Why Medical Parole is a Win for Everyone

FAMM Foundation
FAMM
Published in
3 min readMay 9, 2024

By Eden Kinlock

While the passage of time may seem uniform for people like you and me, the experience of aging is anything but equal for incarcerated individuals. Behind the concrete walls and steel bars of America’s prisons, social isolation, sedentary lifestyles, and limited access to healthcare all contribute to accelerated aging and the rapid decline in health that accompanies it.

Keeping elderly and medically frail individuals in prison does not serve public safety or their personal rehabilitation. Incarcerated people are considered elderly from the age of 50.[1] Elderly individuals are the highest cost to incarcerate and the lowest risk to public safety.[2] Of the 33,000 people incarcerated in Michigan, nearly 9,000 are aged 50 or older.[3]

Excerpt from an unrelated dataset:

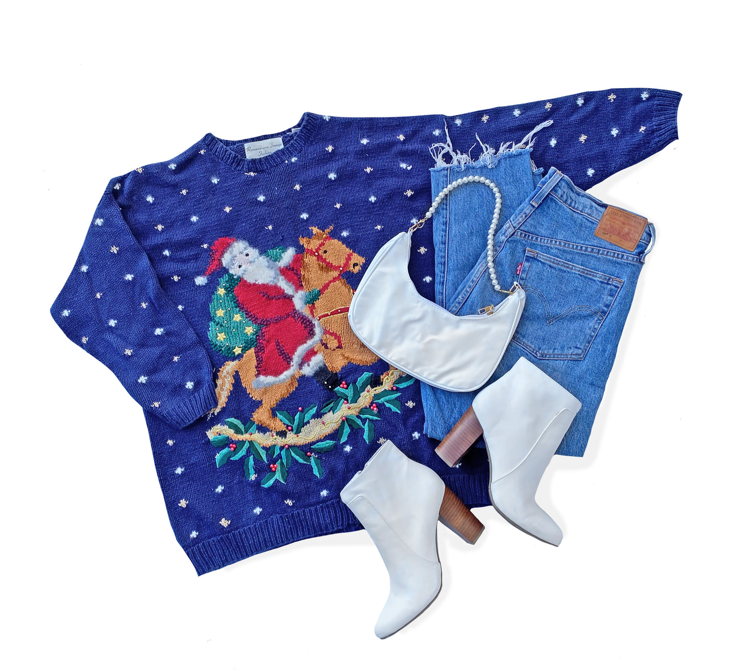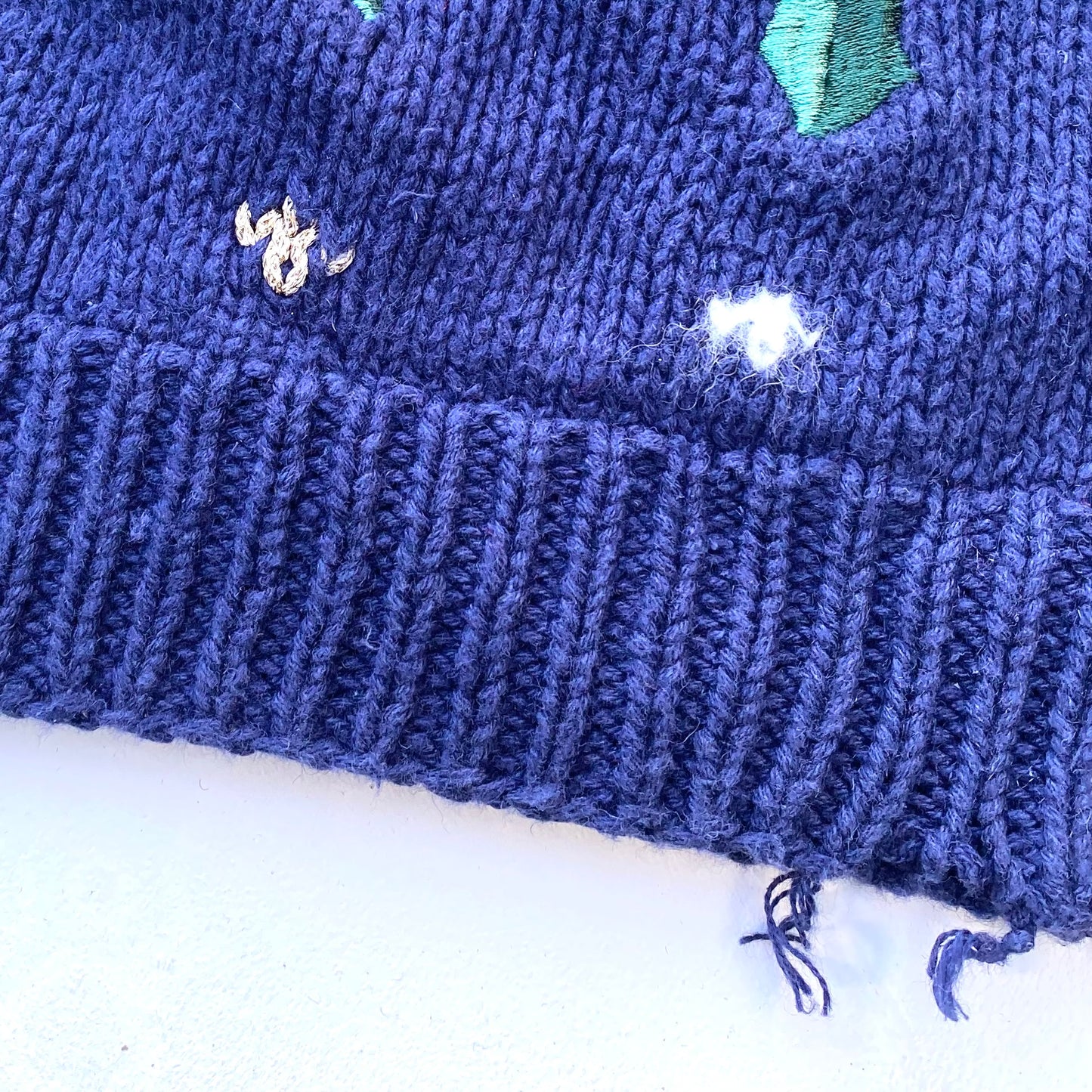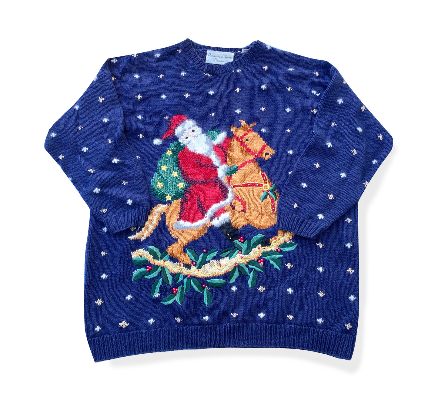 Vintage knitted sweater, with Santa on the front with beautiful beadwork. There is a small part of the bottom stitching that is fraying.

I recently had the opportunity to meet with lawmakers in Lansing, Michigan, to discuss medical parole programs. These provide an opportunity for release when continued incarceration no longer serves the purposes of punishment, and when the prison system cannot adequately manage chronic age-related medical needs.

Medically frail parole is a clinically driven solution to an evidence-based problem. In fact, it passed the Michigan legislature with bipartisan support back in 2019. However, due to unforeseen issues with the bill’s implementation, only one person has been granted parole in the past five years. FAMM is working with our state partners to pass small but sorely needed reforms to remedy these efficacy issues.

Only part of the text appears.